Another set was prepared using Steps 1-4 again followed by exempting other steps [Agar C]. Next, the contents of the beaker are transferred to an Erlenmeyer flask and filled with distilled water to make up the volume to 150 ml. The flask is heated on a tripod. Heating is done until boiling and after a minute’s cooling the solution is plugged with cotton. All the flasks with respective samples are labeled accordingly depending on the type of agar prepared. Autoclaving of the same are done for 45 min and the agar solutions are spread on Petri plates according to their earlier labeling. Escherichia coli and Staphylococcus aureus are used in this experiment. It is kept under observation and after 24 h and 48 h of incubation at 37°C observation is recorded. Difference in the normal growth of the bacterium for the control and the seeded agar of CBD is noted down.

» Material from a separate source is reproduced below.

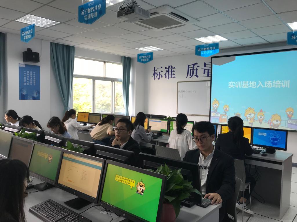 苏宁云财陈礼总经理与许映秋常务副院长随后进行了苏宁财务共享实训基地的签约和揭牌。仪式结束后,双方前往实训基地参观。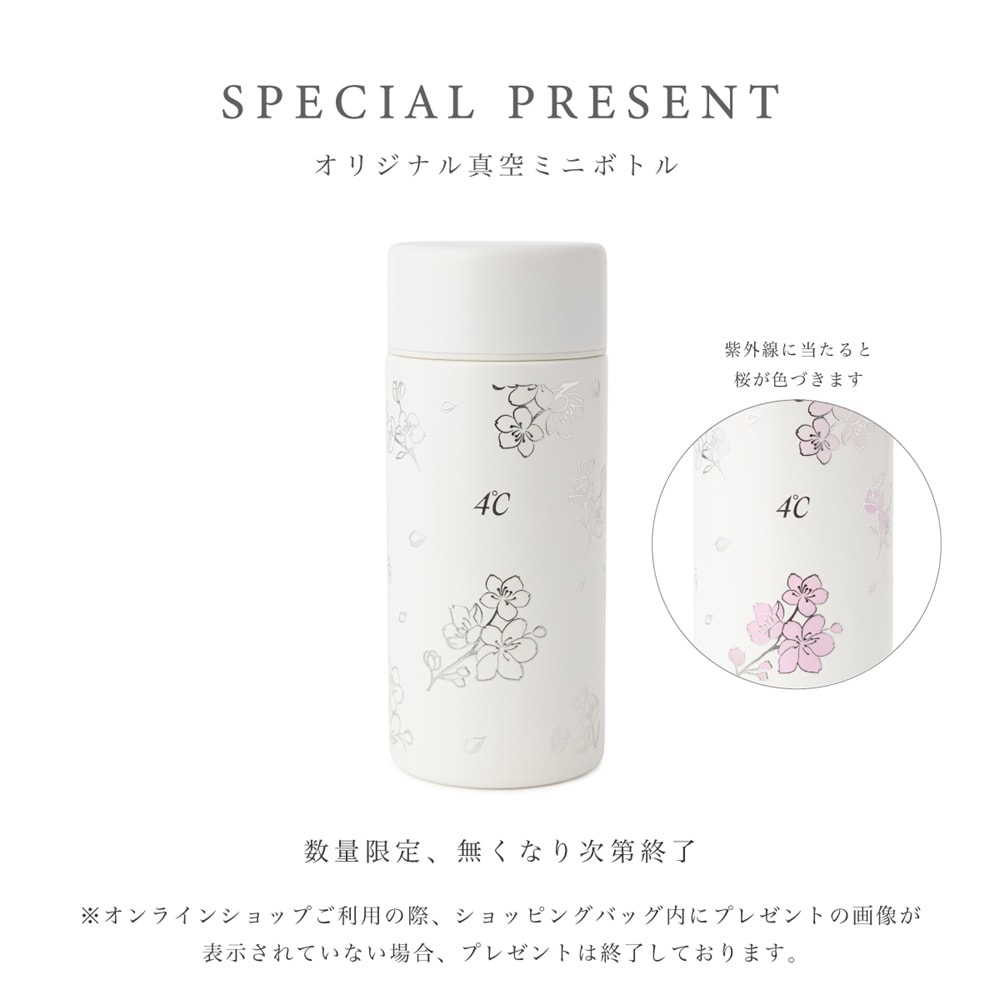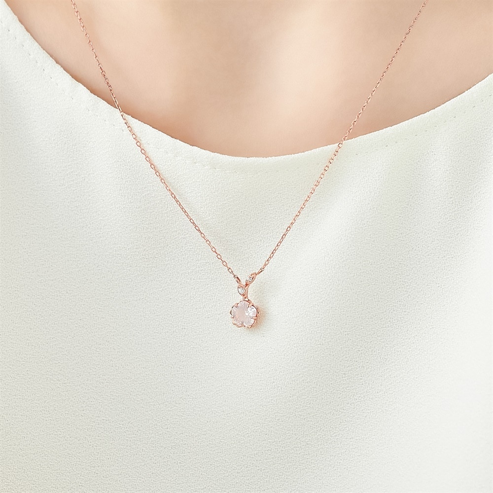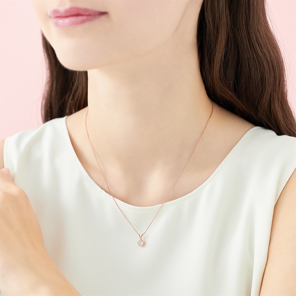 SAKURA Collection一覧はこちら >満開に咲き誇る桜が、身に着けるひとの心に寄り添い幸せを運ぶコレクション。満開に咲き誇る桜をローズクォーツのオリジナルカットで表現したネックレス。桜をかたどったフォルムに、内側から湧き上がるようなコンケーブカットの輝きが魅力。桜の葉を添えたアシンメトリーの縦のラインで、大人っぽくスッキリとした印象に仕上げました。淡いピンクカラーのローズクォーツは『美・愛・優しさ』を意味し、身に着けるひとに愛をもたらし美しさと優しさを印象付けます。※天然石・天然素材を使用しているため、実際の色味や風合いが異なる場合がございます。[数量限定ケース&限定ショッパー付き] なくなり次第終了 ※ショッピングバッグ内の画像が限定ケースではない場合、限定ケースのお取り扱いは終了しております。 こちらのジュエリーをご購入のお客さまに、オリジナル真空ミニボトルをプレゼント。 [数量限定]なくなり次第終了※ショッピングバッグ内にノベルティの画像が表示されていない場合、ノベルティのお取り扱いは終了しております。

According to the hypothesis of this study, lower bacteria growth is expected in the second case, considering the difference in the presence of 10 mg or 50 mg of CBD. As the CBD extract is made in alcohol and it has antimicrobial properties, we must sow plates with the same amount of alcohol. This is necessary to ascertain that the prospective lower growth is due to the CBD and not due to the alcohol, although in theory this interference should be minimal.
The research work is still under process so proper conclusion has not yet derived. The researches which we have done until now reveals that cannabidiol (CBD), without the presence of any of the psychoactive compounds can be used and it proved to be effective for treating inflammatory diseases.